Lian lived in complete isolation inside a wooden tower overlooking a silent city. He had never seen another human being in his life, nor did he own a mirror. He spent his days observing the movement of the wind and reading ancient books that spoke of creatures and He was a man, but he found no connection to himself within them.
Lian didn't know what "man" was. To him, he was merely a consciousness floating in a body performing its mechanical functions.
One cold morning, he stood before his large window. And he began to ask the questions he had always avoided:
"Why is my form so different from the fluidity of water? And why are my limbs rigid like tree trunks while my mind never stops soaring?"
Lian began writing his questions on the walls of the tower:
1. The question of pure existence:Am I what I do, or am I what I feel? If I stop moving, do I still exist?
2. The question of lost identity: "Books talk about 'man' and 'woman', struggles, power, and love… but I don't find any of these words in my pulse.""I am merely an emptiness wearing skin." On his thirtieth day of philosophical solitude, Lian found a polished piece of metal in the tower's vault. He slowly lifted it, and for the first time in his life, he saw "the Other." He saw a face with sharp features, a light beard beginning to appear.And broad shoulders.
The image shocked him. He didn't say, "I'm a man." Instead, he whispered to himself, "So, the soul has a cage, and this cage has a specific shape."

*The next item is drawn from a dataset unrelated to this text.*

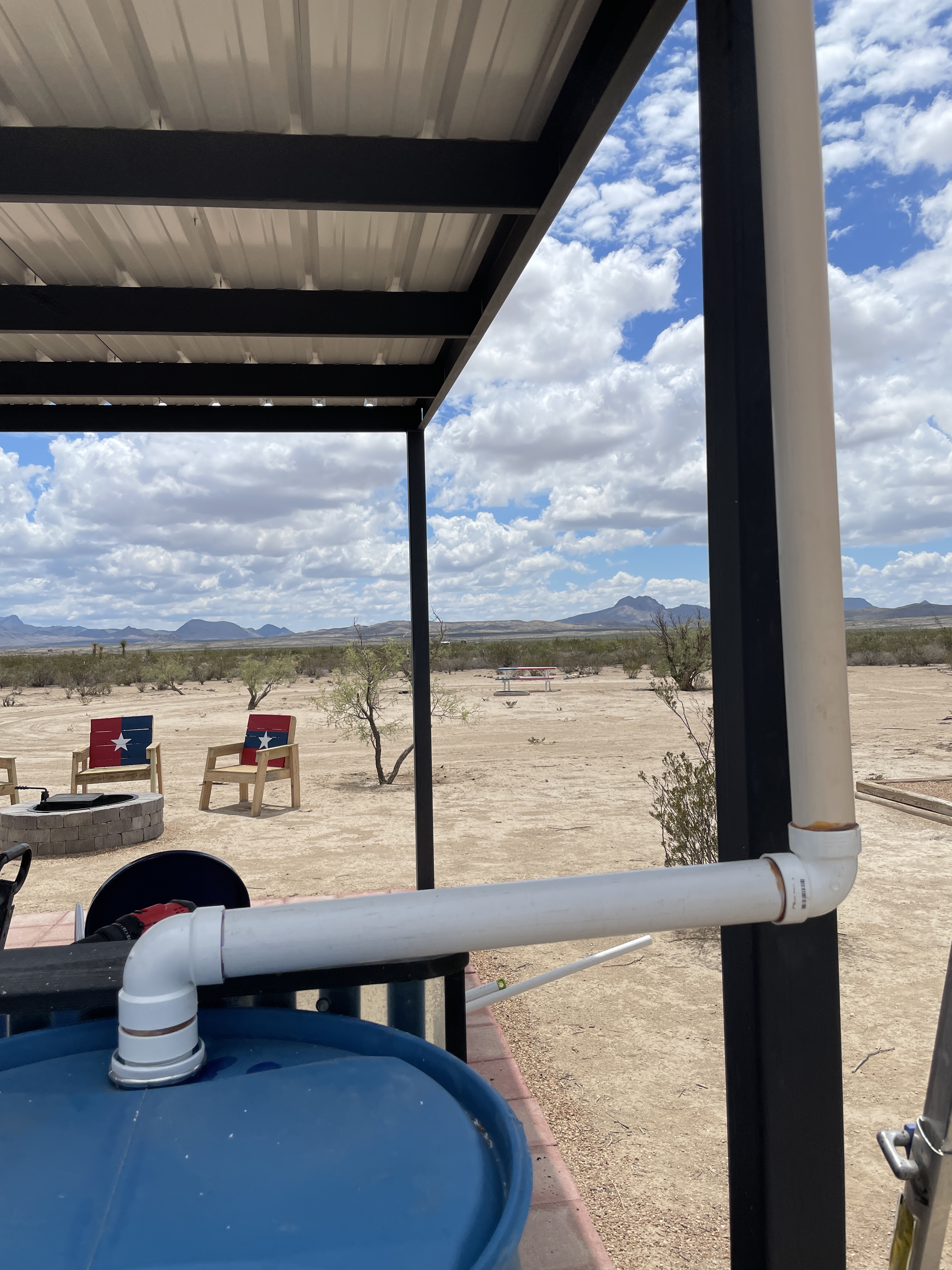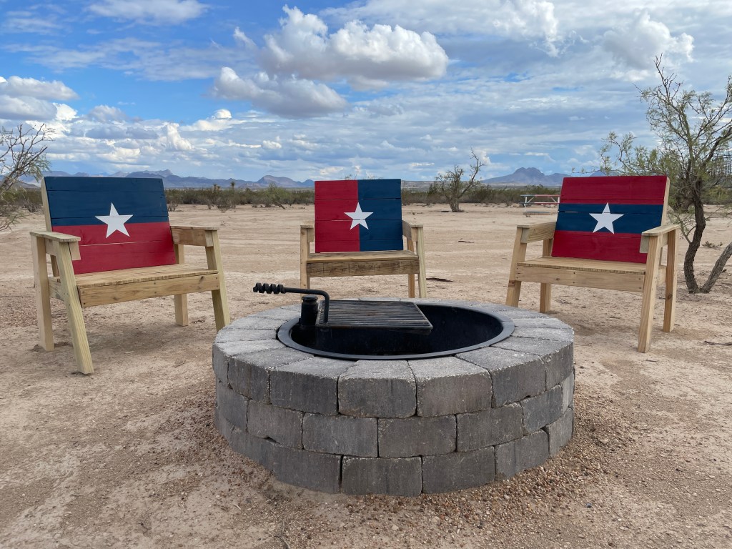 My first project was to utilize all of the scrap wood in our container to build some comfortable Texas-themed chairs for the fire ring adjacent to our shade structure. These chairs are fun to build, comfortable, and look great. I built three of them on the first day and a fourth on Sunday afternoon. They came in handy on Saturday evening when all of the neighbors came over for a hot dogs and s’mores cookout.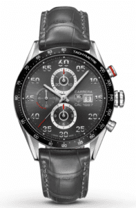 The TAG Heuer Carrera 1887 shown here pairs the Calibre 187 movement to looks best known of the Calibre 16 Carrera’s. The case is stainless steel; the bezel insert is ceramic rather than aluminium. Ref. CAR2A11.FC6313 has a grey dial.

He began to contemplate his reflection and ask the deeper question:
"Is this mold I see what defines who I am?"Do I have to be brave because my jaw is wide? Do I have to be tough because my muscles are tight? At that moment, Lian realized that his tragedy wasn't his ignorance of his gender, but that the world—if he entered it—would label him "man."He was being asked to play a role he hadn't rehearsed.
He threw the piece of metal aside, returned to his papers, and wrote his final sentence:
"It's not important that I know I'm a man; what's important is whether I'm free within this mold, or whether the body is the primary prison of consciousness?"
Lian lived the rest of his life not as a "man," but as an "idea" trying to understand the matter that inhabited him.